**WORK ITEM:**
This calls for a word-for-word copy of all the data, with each picture removed.

**DATA SECTION:**
━━━━━━━━

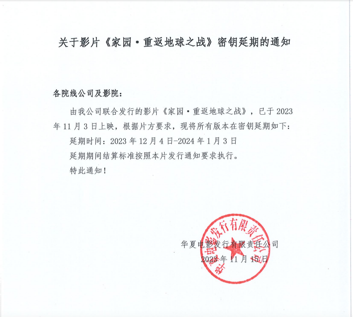 《家园·重返地球之战》发行通知
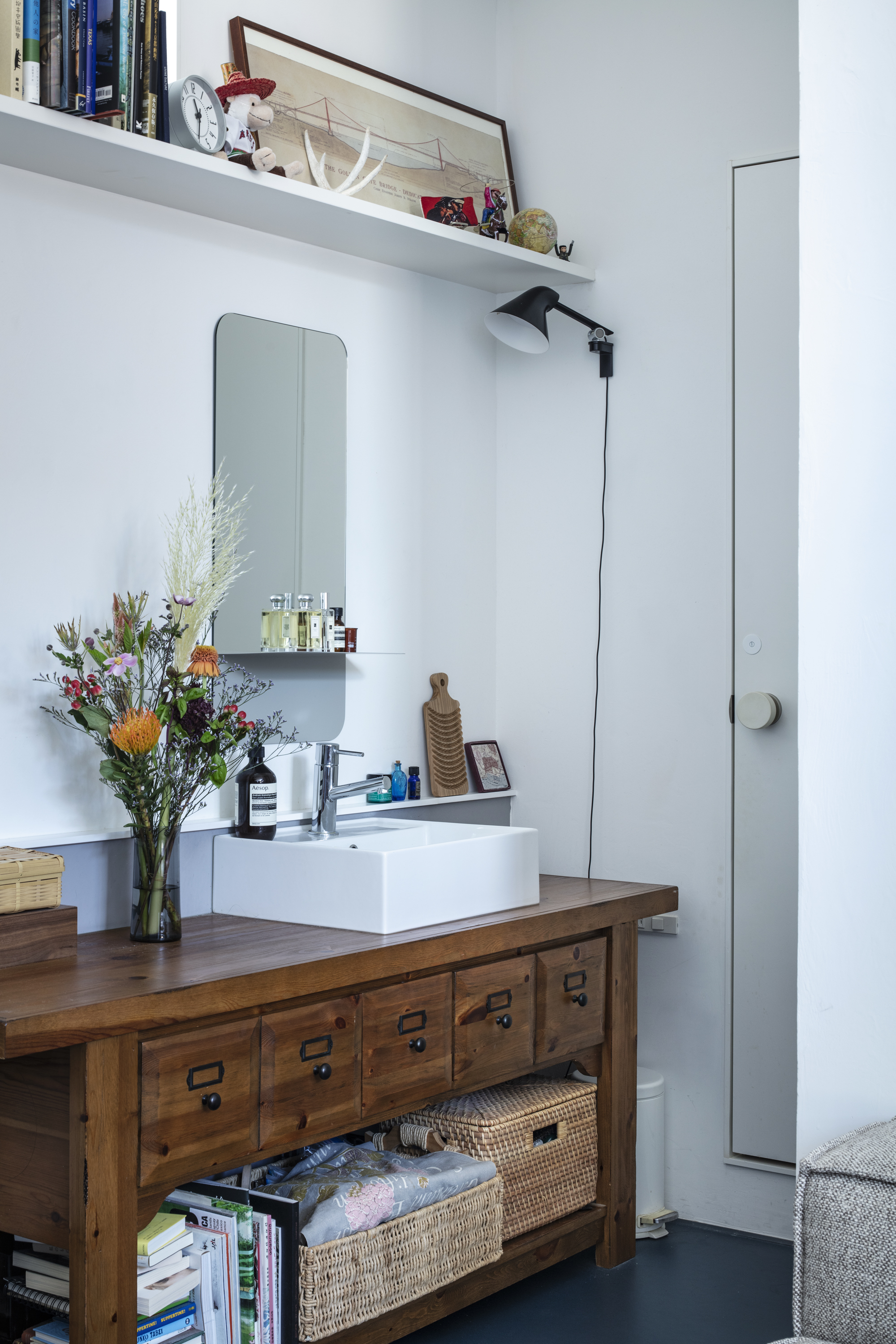 이 집에는 부부의 시간이 고스란히 스며 있다. 미국에서 사용하던 빈티지 가구를 새로운 공간에 맞게 재해석해, 대형 선반은 주방 카운터의 일부로, 콘솔 테이블은 세면대 하부장으로 다시 사용했다. 오래된 목재의 질감은 공간에 깊이를 더하고, 예술 작품과 책, 소장품들은 장식이 아닌 생활의 일부로 자연스럽게 배치되었다.
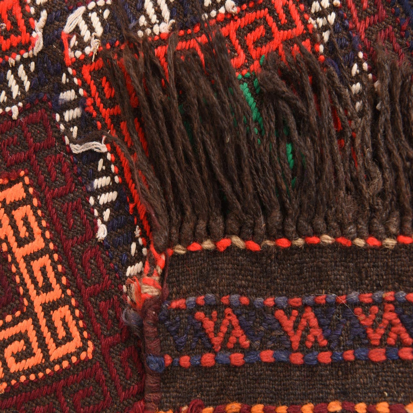 The texture of the rug is characteristic of handwoven kilims, with a flatweave construction that gives it a lighter feel, making it versatile for various settings. It maintains the authenticity of traditional craftsmanship, evident in the meticulously woven patterns.

━━━━━━━━

**WRITTEN SOLUTION:**
 《家园·重返地球之战》发行通知
 이 집에는 부부의 시간이 고스란히 스며 있다. 미국에서 사용하던 빈티지 가구를 새로운 공간에 맞게 재해석해, 대형 선반은 주방 카운터의 일부로, 콘솔 테이블은 세면대 하부장으로 다시 사용했다. 오래된 목재의 질감은 공간에 깊이를 더하고, 예술 작품과 책, 소장품들은 장식이 아닌 생활의 일부로 자연스럽게 배치되었다.
 The texture of the rug is characteristic of handwoven kilims, with a flatweave construction that gives it a lighter feel, making it versatile for various settings. It maintains the authenticity of traditional craftsmanship, evident in the meticulously woven patterns.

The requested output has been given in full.